Information:
====

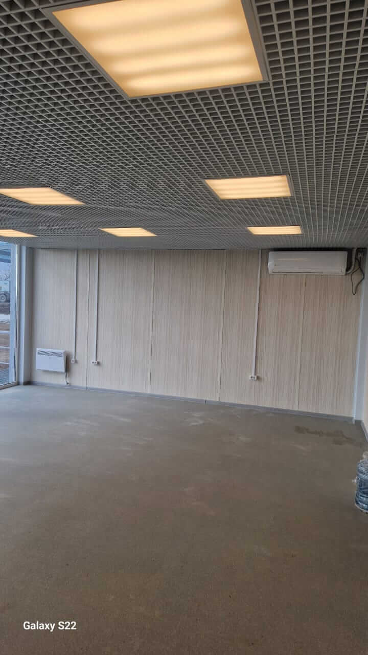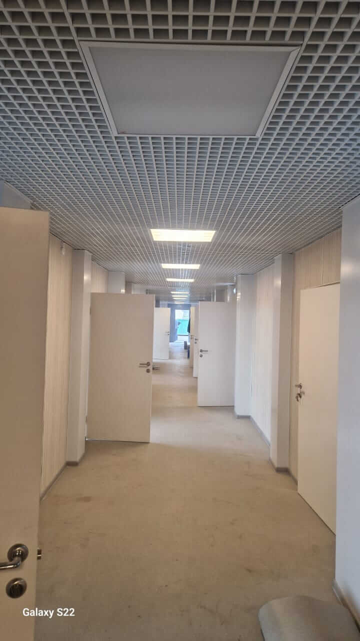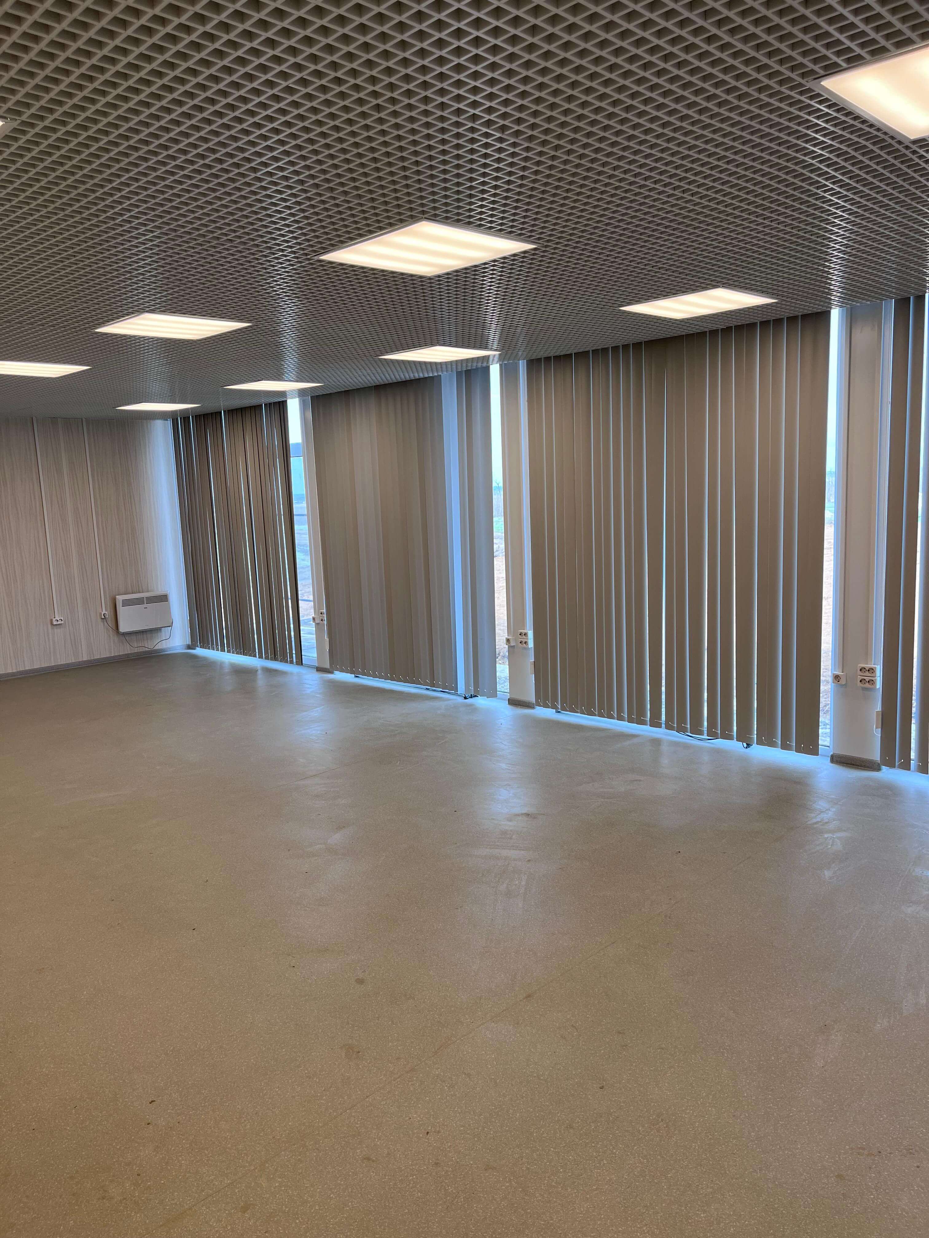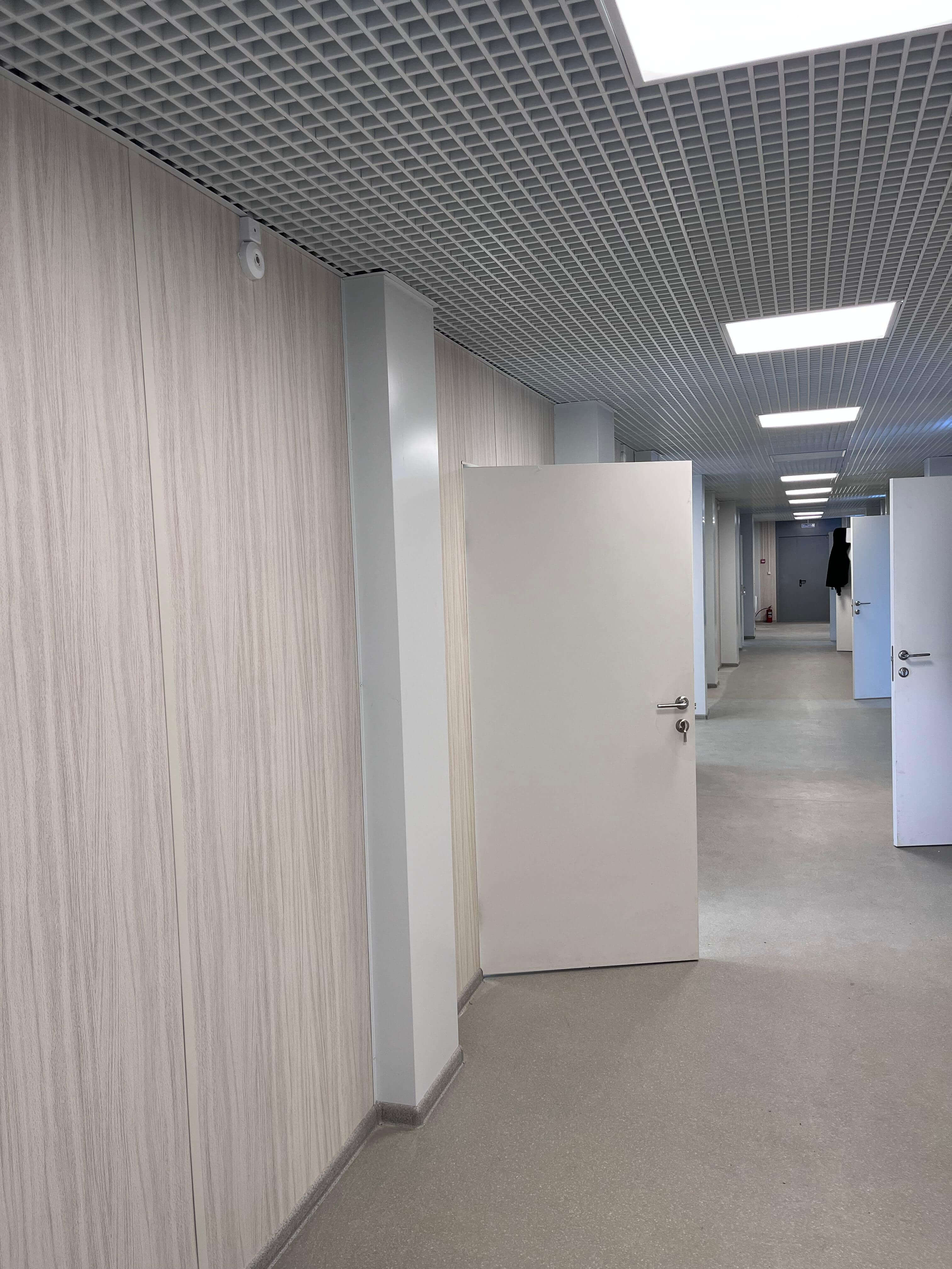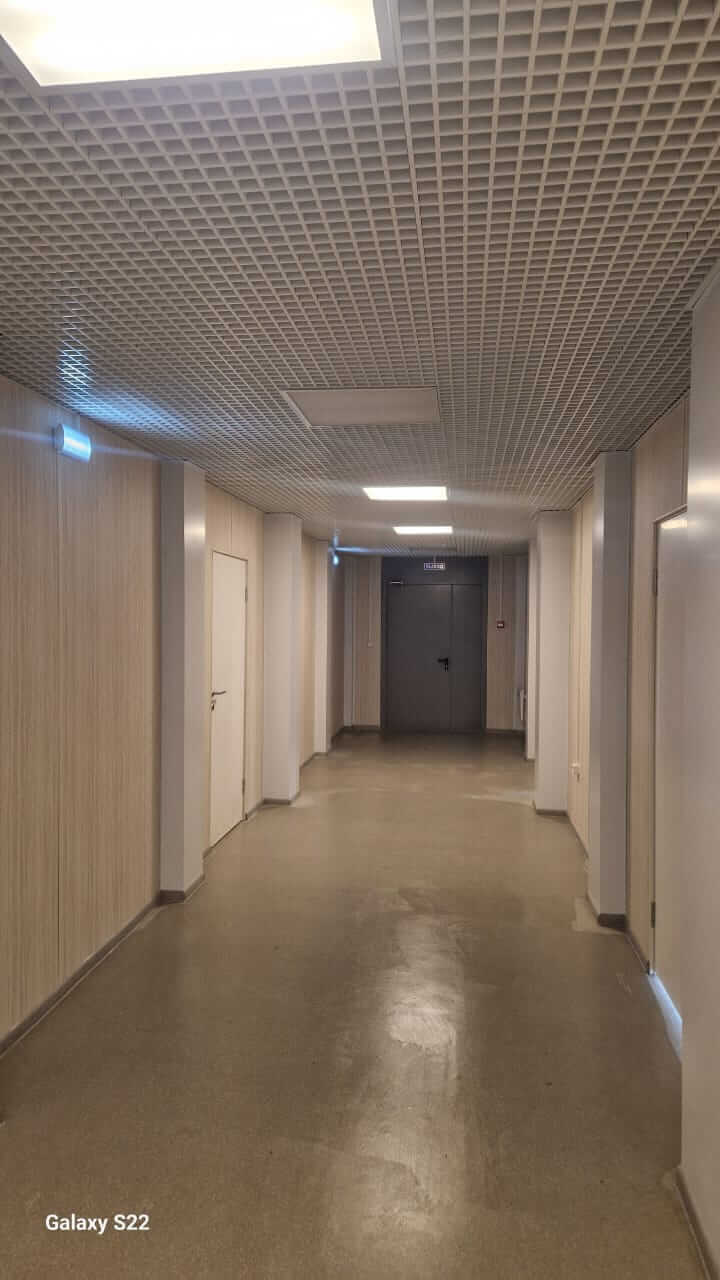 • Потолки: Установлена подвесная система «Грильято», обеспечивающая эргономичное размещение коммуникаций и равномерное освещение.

====

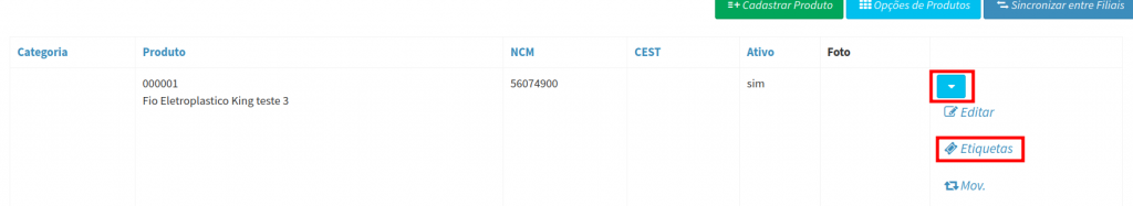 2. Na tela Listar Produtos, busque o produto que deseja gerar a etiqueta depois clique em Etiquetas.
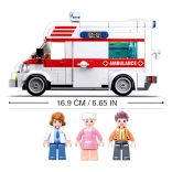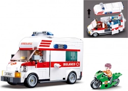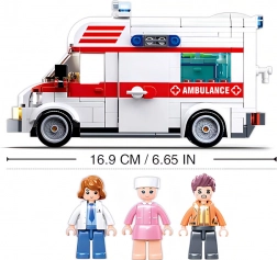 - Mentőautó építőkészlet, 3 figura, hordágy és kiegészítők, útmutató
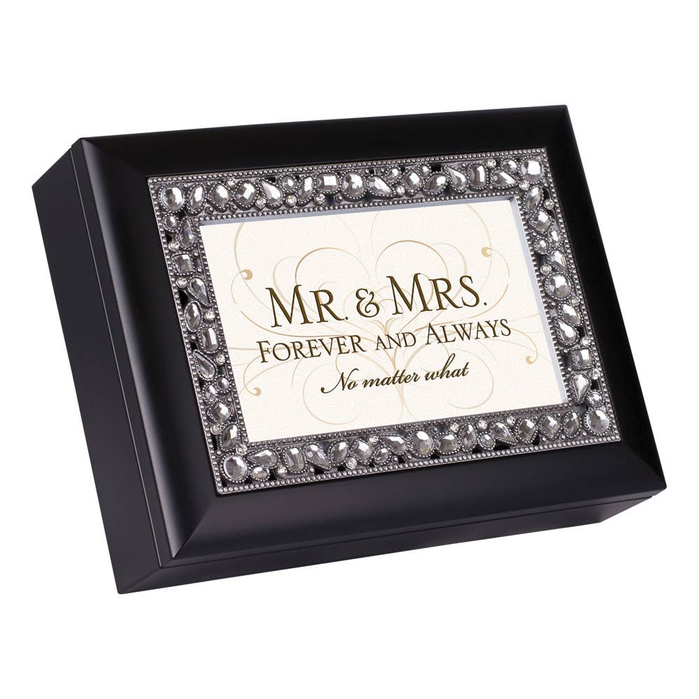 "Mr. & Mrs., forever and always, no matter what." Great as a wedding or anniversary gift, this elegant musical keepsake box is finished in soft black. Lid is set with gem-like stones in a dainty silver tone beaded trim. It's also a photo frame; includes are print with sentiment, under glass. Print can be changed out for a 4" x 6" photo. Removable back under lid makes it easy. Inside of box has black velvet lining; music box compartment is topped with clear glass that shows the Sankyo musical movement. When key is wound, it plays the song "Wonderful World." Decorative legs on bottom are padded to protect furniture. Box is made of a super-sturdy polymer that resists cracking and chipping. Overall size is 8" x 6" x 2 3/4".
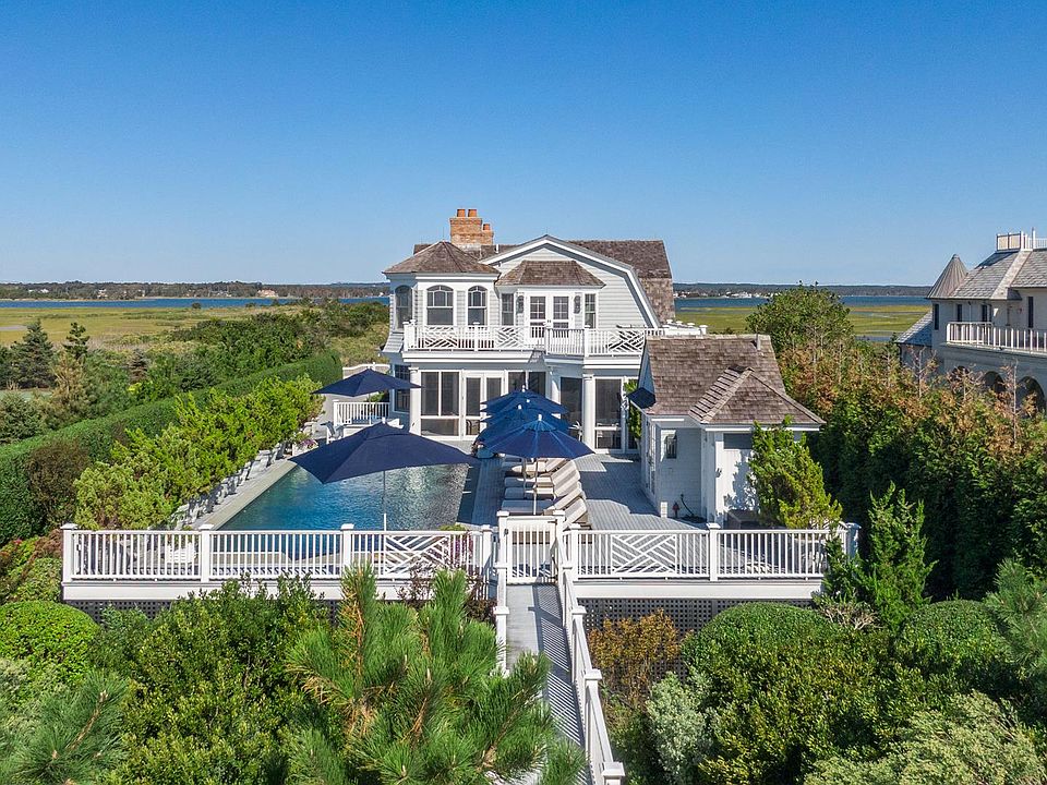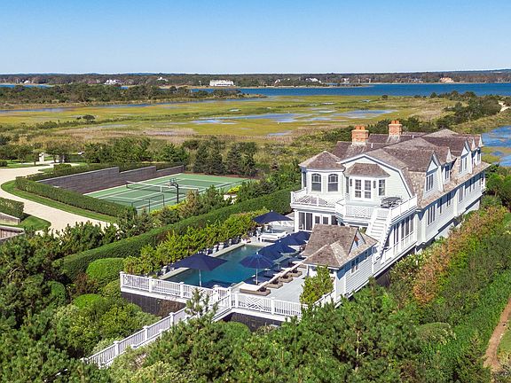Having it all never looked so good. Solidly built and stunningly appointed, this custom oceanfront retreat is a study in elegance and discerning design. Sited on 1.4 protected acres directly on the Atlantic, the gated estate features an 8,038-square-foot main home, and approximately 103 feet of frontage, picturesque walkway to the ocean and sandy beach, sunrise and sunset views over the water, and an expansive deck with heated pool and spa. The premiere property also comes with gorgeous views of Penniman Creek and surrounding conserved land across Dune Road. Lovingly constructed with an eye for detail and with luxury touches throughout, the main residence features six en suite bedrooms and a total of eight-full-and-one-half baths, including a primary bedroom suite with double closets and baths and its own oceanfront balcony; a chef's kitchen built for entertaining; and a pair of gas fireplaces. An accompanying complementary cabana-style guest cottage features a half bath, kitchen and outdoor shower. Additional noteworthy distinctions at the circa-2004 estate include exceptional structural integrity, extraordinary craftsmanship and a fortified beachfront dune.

====

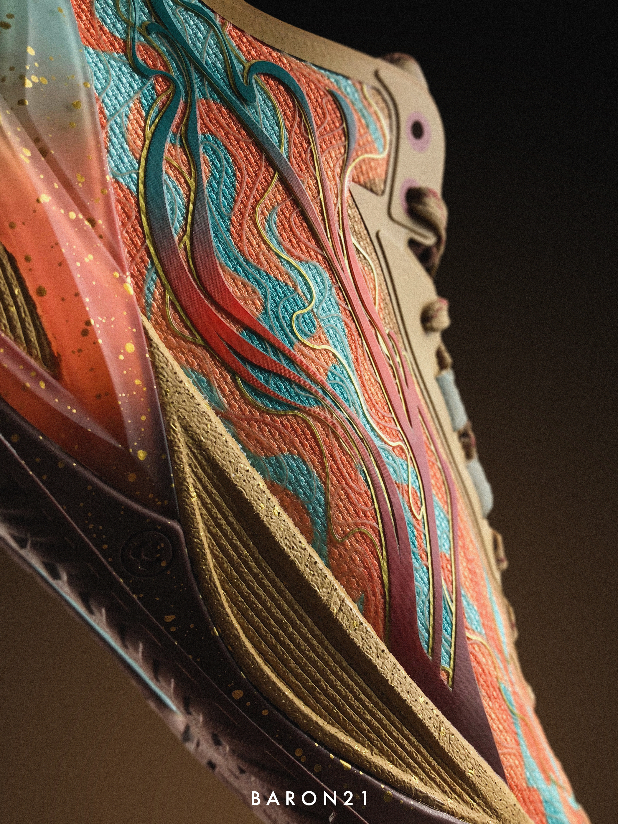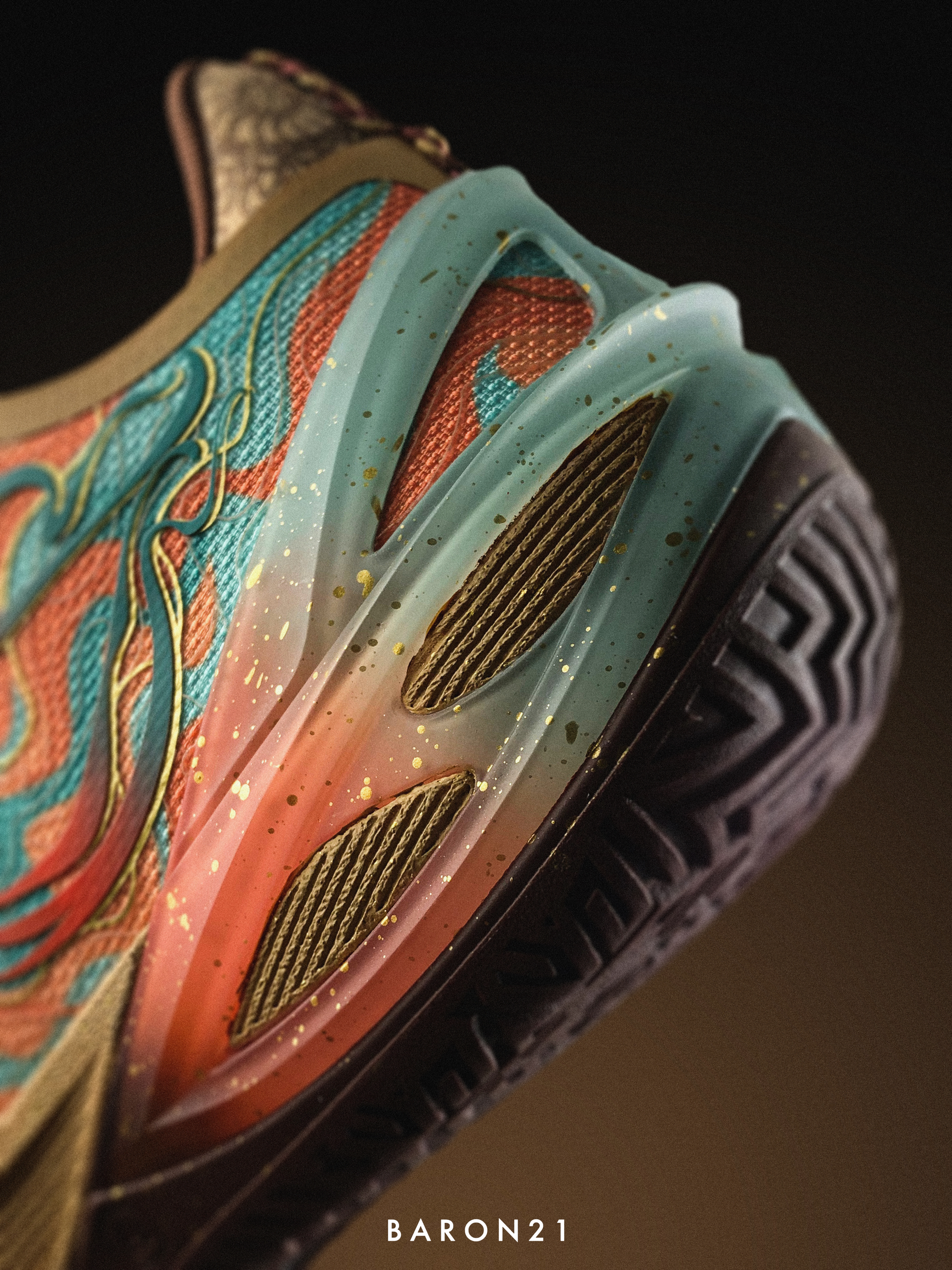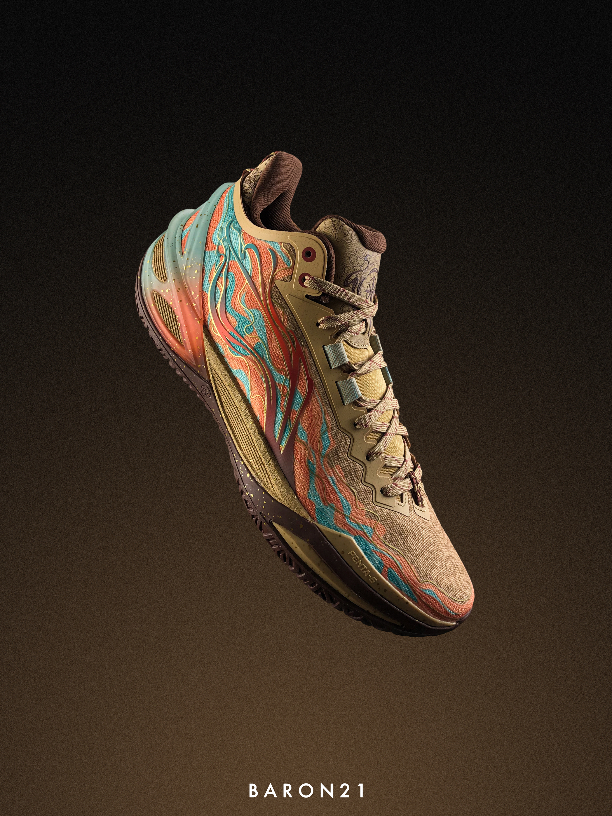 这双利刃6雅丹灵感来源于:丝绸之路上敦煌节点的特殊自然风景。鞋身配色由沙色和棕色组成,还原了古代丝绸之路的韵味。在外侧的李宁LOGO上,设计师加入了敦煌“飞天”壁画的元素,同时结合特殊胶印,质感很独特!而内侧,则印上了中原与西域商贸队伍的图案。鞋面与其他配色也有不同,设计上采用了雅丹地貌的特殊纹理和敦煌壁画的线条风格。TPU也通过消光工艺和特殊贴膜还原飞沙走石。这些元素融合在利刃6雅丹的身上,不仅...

====

Task to complete: Exact copy, pictures excluded: every line above from the one containing "- Mentőautó építőkészlet, 3" to the one containing "Mrs., forever and", inclusive, and nothing more.

Written solution:
 - Mentőautó építőkészlet, 3 figura, hordágy és kiegészítők, útmutató
 "Mr. & Mrs., forever and always, no matter what." Great as a wedding or anniversary gift, this elegant musical keepsake box is finished in soft black. Lid is set with gem-like stones in a dainty silver tone beaded trim. It's also a photo frame; includes are print with sentiment, under glass. Print can be changed out for a 4" x 6" photo. Removable back under lid makes it easy. Inside of box has black velvet lining; music box compartment is topped with clear glass that shows the Sankyo musical movement. When key is wound, it plays the song "Wonderful World." Decorative legs on bottom are padded to protect furniture. Box is made of a super-sturdy polymer that resists cracking and chipping. Overall size is 8" x 6" x 2 3/4".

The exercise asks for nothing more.